-- DATA follows --
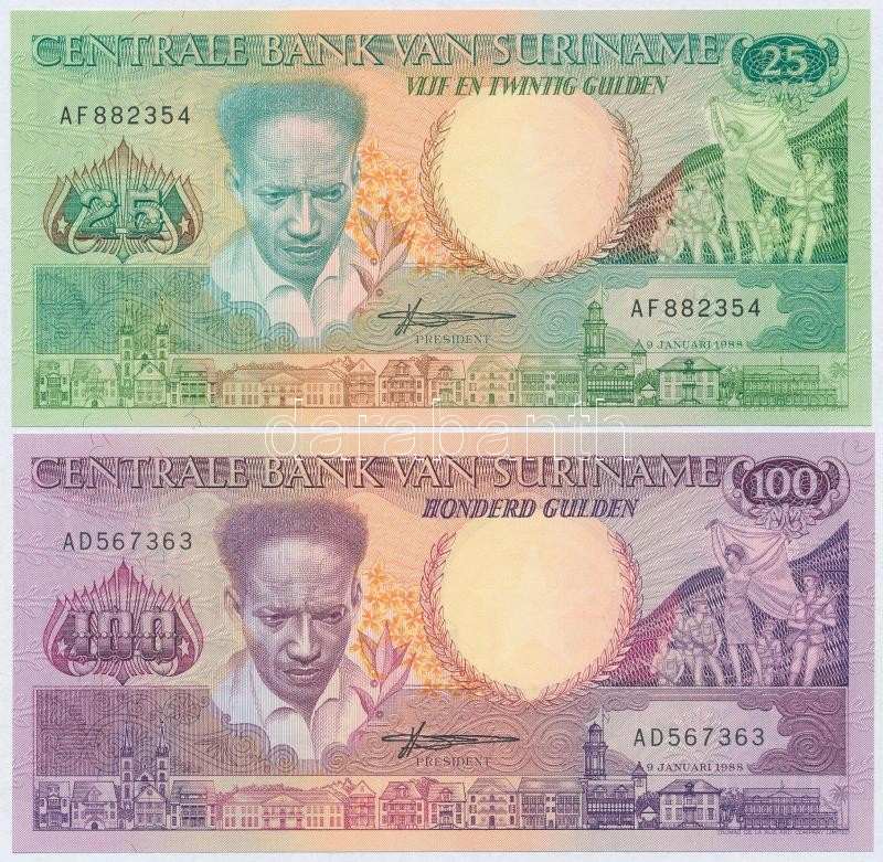 Suriname 1988. 25 Gulden + 100 Gulden C:UNC
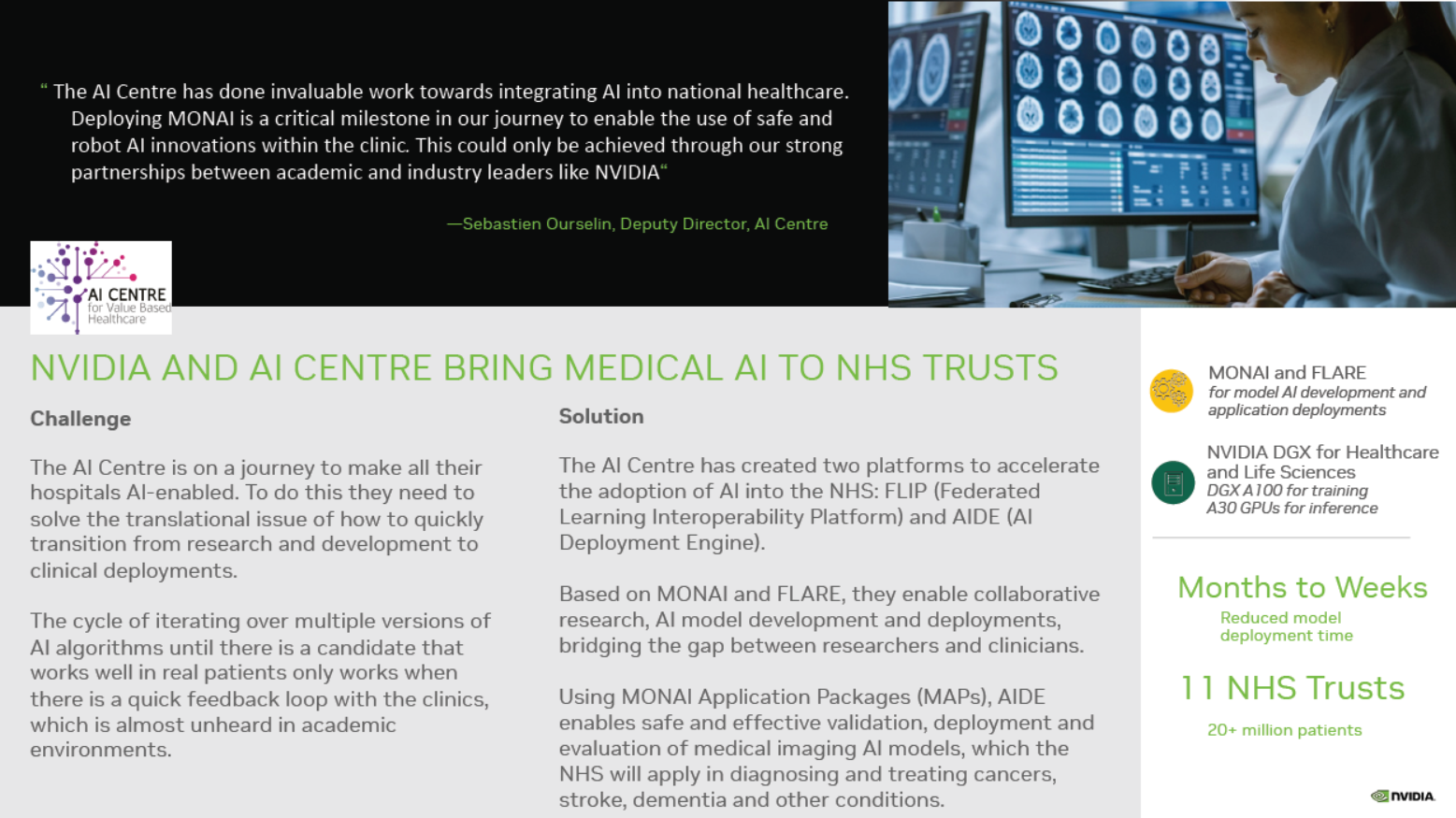 MONAI được tích hợp với các siêu máy tính đám mây lớn, cho phép xử lý và chia sẻ dữ liệu được tối ưu hóa trong một môi trường duy nhất. XPANDX Parabricks có sẵn trên tất cả các dịch vụ đám mây và các nền tảng đám mây dành riêng cho bộ gen, chẳng hạn như nền tảng đám mây Terra, có hơn 25.000 người dùng.
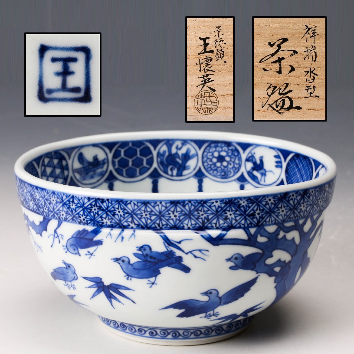 【佳香】王懐英 景徳鎮 祥瑞沓型茶碗 共箱 共布 茶道具 本物保証
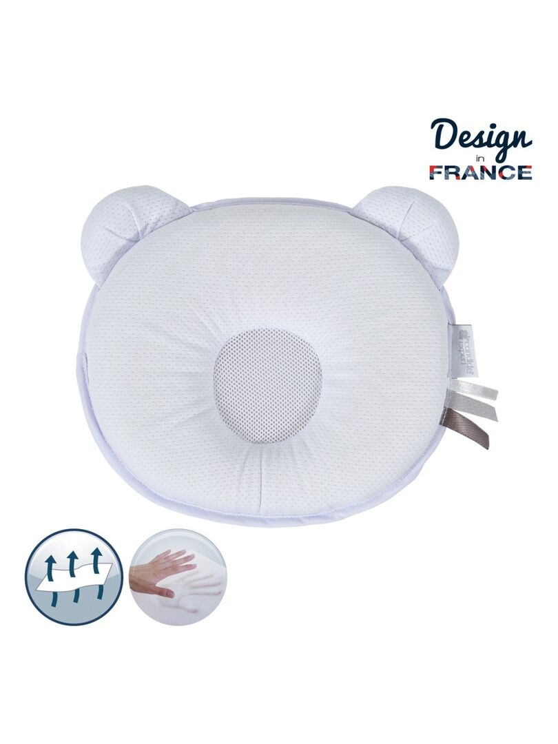 Le coussin P’tit Panda Air+ blanc de Candide aidera bébé à garder une tête bien ronde grâce à sa mousse à mémoire de forme confortable. La tête de bébé est légèrement surélevée. La maille piquée ultra douce du P’tit Panda Air+ blanc permet l’évacuation de la transpiration. Sa maille filet au centre, épouse la forme de la boîte crânienne, tout en laissant l’air circuler pour plus de confort.
-- DATA concluded --
** WHAT IS EXPECTED **
From the first line of the material to the last, retype everything exactly except the images.

** RESPONSE TO THE TASK **
 Suriname 1988. 25 Gulden + 100 Gulden C:UNC
 MONAI được tích hợp với các siêu máy tính đám mây lớn, cho phép xử lý và chia sẻ dữ liệu được tối ưu hóa trong một môi trường duy nhất. XPANDX Parabricks có sẵn trên tất cả các dịch vụ đám mây và các nền tảng đám mây dành riêng cho bộ gen, chẳng hạn như nền tảng đám mây Terra, có hơn 25.000 người dùng.
 【佳香】王懐英 景徳鎮 祥瑞沓型茶碗 共箱 共布 茶道具 本物保証
 Le coussin P’tit Panda Air+ blanc de Candide aidera bébé à garder une tête bien ronde grâce à sa mousse à mémoire de forme confortable. La tête de bébé est légèrement surélevée. La maille piquée ultra douce du P’tit Panda Air+ blanc permet l’évacuation de la transpiration. Sa maille filet au centre, épouse la forme de la boîte crânienne, tout en laissant l’air circuler pour plus de confort.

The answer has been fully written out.